FIGS. 5 through 7 disclose an alternative embodiment of a bell cup 100 having a deflector 110. This bell cup 100 provides only two flow deviations between the central axial opening 112 and the spray edge 132. The conical portion 130 of the overflow surface extends directly from the central axial opening 112 to the spray edge 132. Thus, the overflow surface 126 does not include a perpendicular portion (like perpendicular portion 28 of FIG. 2). This further improves the laminar flow of the paint and reduces further the particle size deviation. The deflector 110 includes a generally conical rear surface 144 which extends to a generally rounded central rear surface 142, thus reducing the flow deviation for the paint. A passageway 150 leads through the deflector 110 and includes four diverging tubular passageways 151. Alternatively, the passageways 151 may converge. The bell cup 100 can also be mounted on atomizer 20 of FIG. 1 in place of bell cup 22.

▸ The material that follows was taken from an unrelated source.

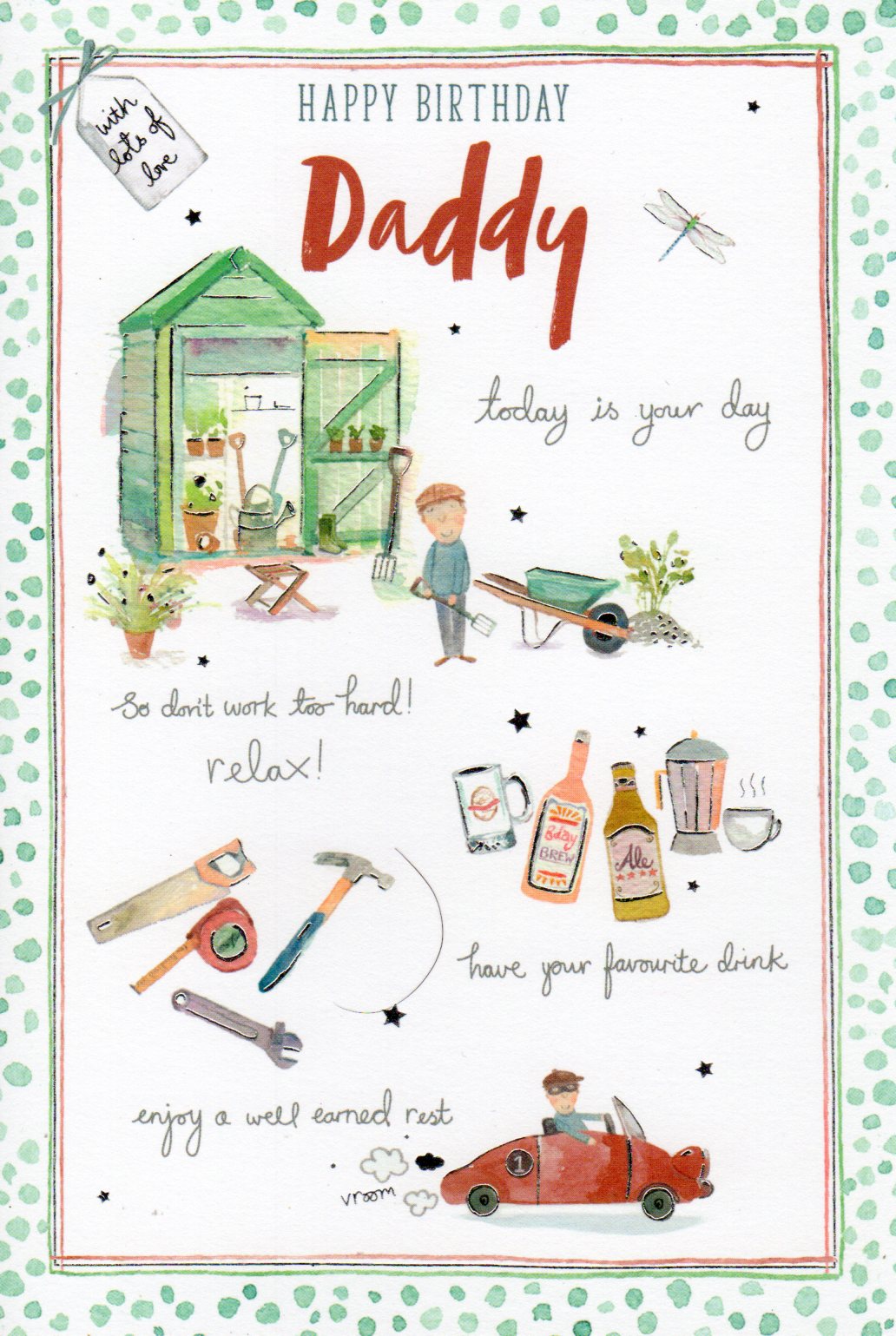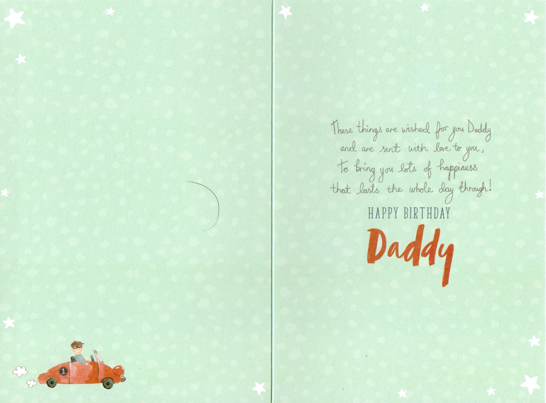 Inside reads: These things are wished for you Daddy and we sent with love to you, to bring you lots of happiness that lasts the whole day through! Happy Birthday Daddy
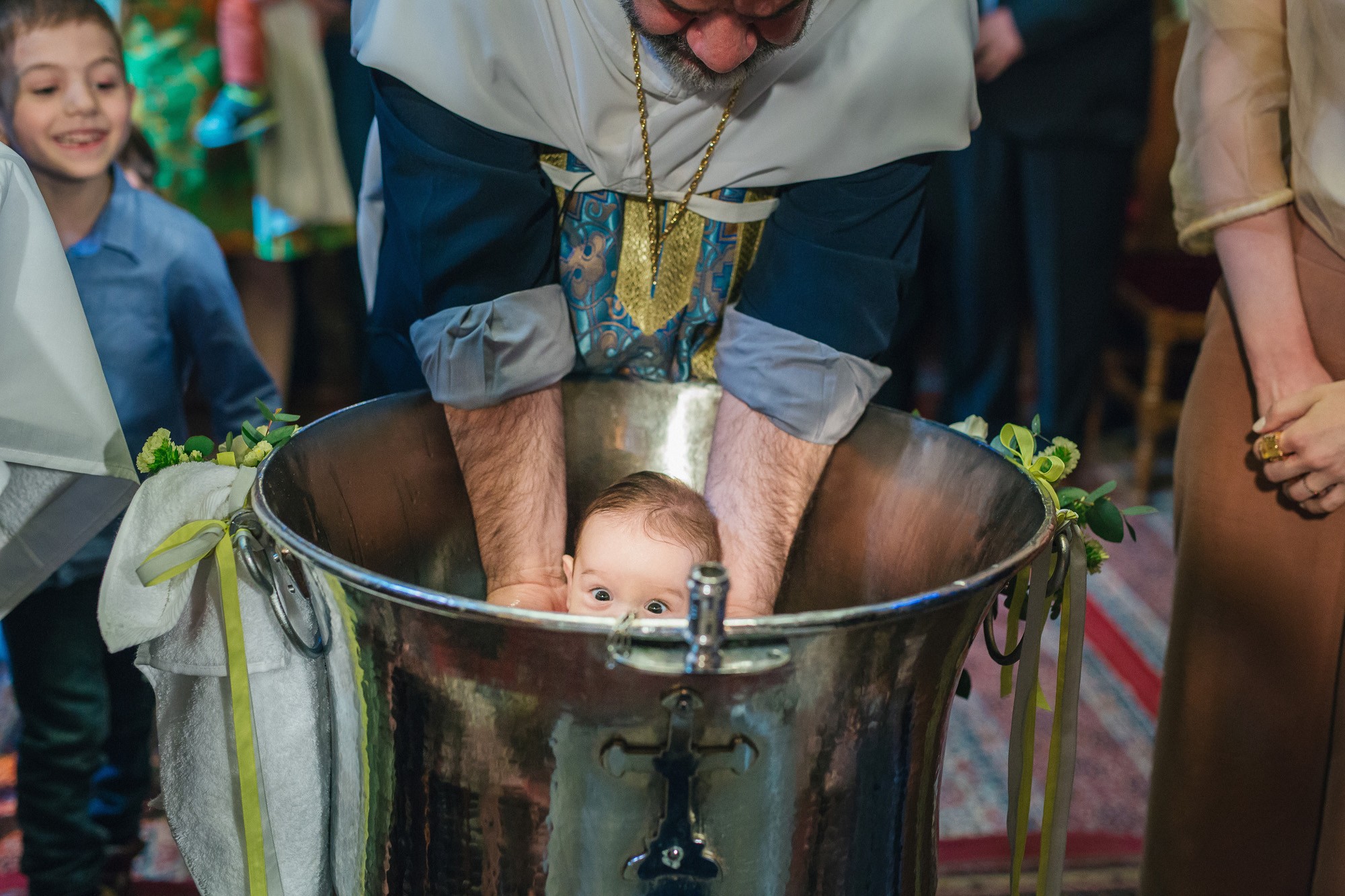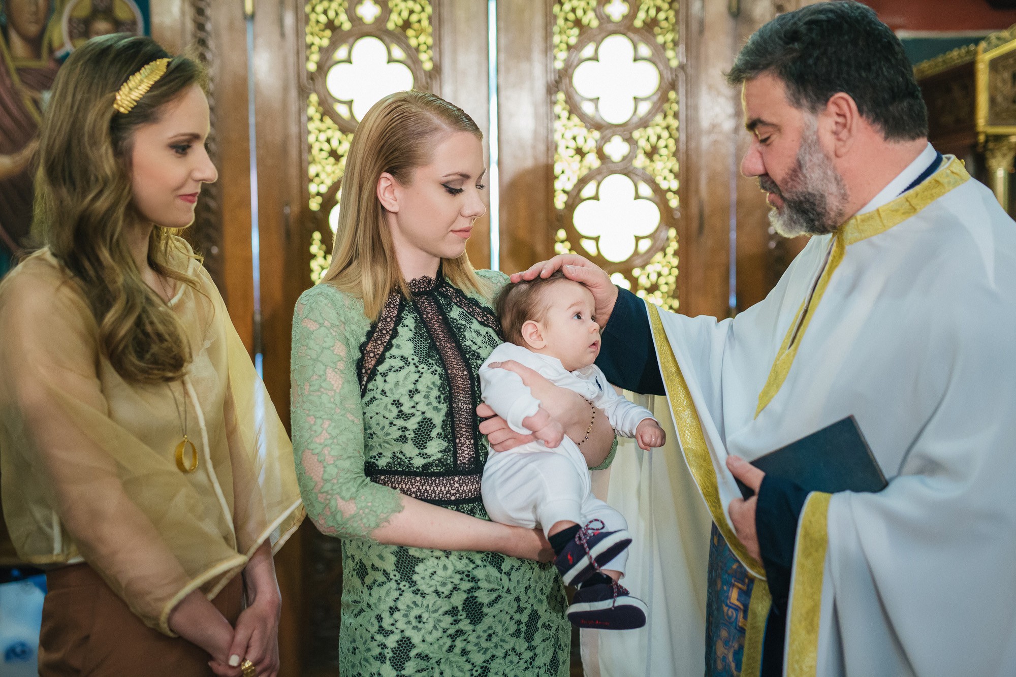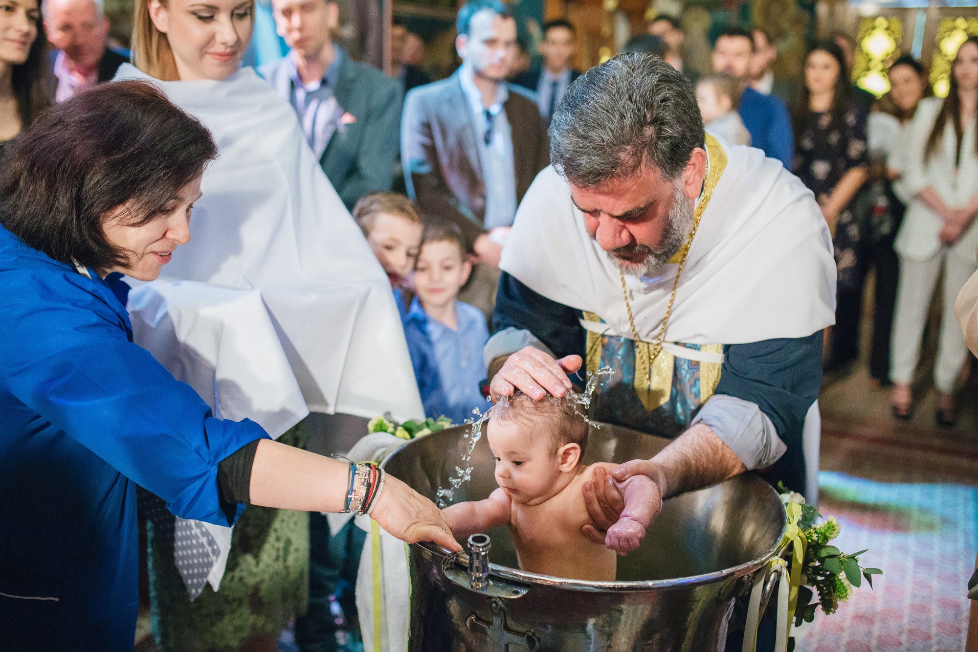 Οι γονείς και η νονά του Ευάγγελου στάθηκαν κοντά στον ιερέα και το μυστήριο έμελλε να ξεκινήσει. Και οι τρεις τους υπήρξαν κομψοί και λαμπεροί, πολύ ευτυχισμένοι με την παρουσία τους στον χώρο του ναού. Η κολυμπήθρα ήταν επίσης στολισμένη με κίτρινα τριαντάφυλλα όπως και ο εξωτερικός χώρος. Ο Ευάγγελος δεν έκλαψε σχεδόν καθόλου με τις βουτιές στην κολυμπήθρα προς έκπληξη όλων, ενώ μας χάρισε πολύ αστείες εκφράσεις στην φωτογράφιση της βάπτισης.

FIGS. 1-7 are scale drawings.

FIG. 8 illustrates one potential layout of a paint spray zone 150 for applying a basecoat to a vehicle body 152 utilizing the atomizer 20 of the present invention shown in FIGS. 1-7. The vehicle body 152 travels in the direction 154 through the zone 150 while atomizers 20 apply basecoat paint. The zone 150 is a two-pass, thirteen-bell zone which would apply basecoat with good color matching with the efficiency of rotary atomizers. In known systems, the basecoat would be applied by nine rotary atomizers and six air atomizers. The length of the zone 150 could be reduced to approximately thirty feet, compared to forty-five feet for the known basecoat zones. In the zone 150, an overhead machine 156 includes two atomizers 20 and applies a first coat to the center of the horizontal surfaces. A pair of side machines 158 preferably each oscillate an atomizer 20 the full length of the doors of the vehicle 152 on the first pass. A pair of side machines 160 each include a pair of vertically and horizontally offset atomizers each mounted on arms 161. A first arm 161 a provides three axes of motion to contour the pillars and paint the edge of the hood and trunk. The second arm 161 b is fixed with pivot and horizontal capp. to process the rocker. A pair of side machines 162 provide a second pass on the doors of the vehicle 152. A second overhead machine 164 includes three atomizers 20 to provide a second pass on the horizontal surfaces.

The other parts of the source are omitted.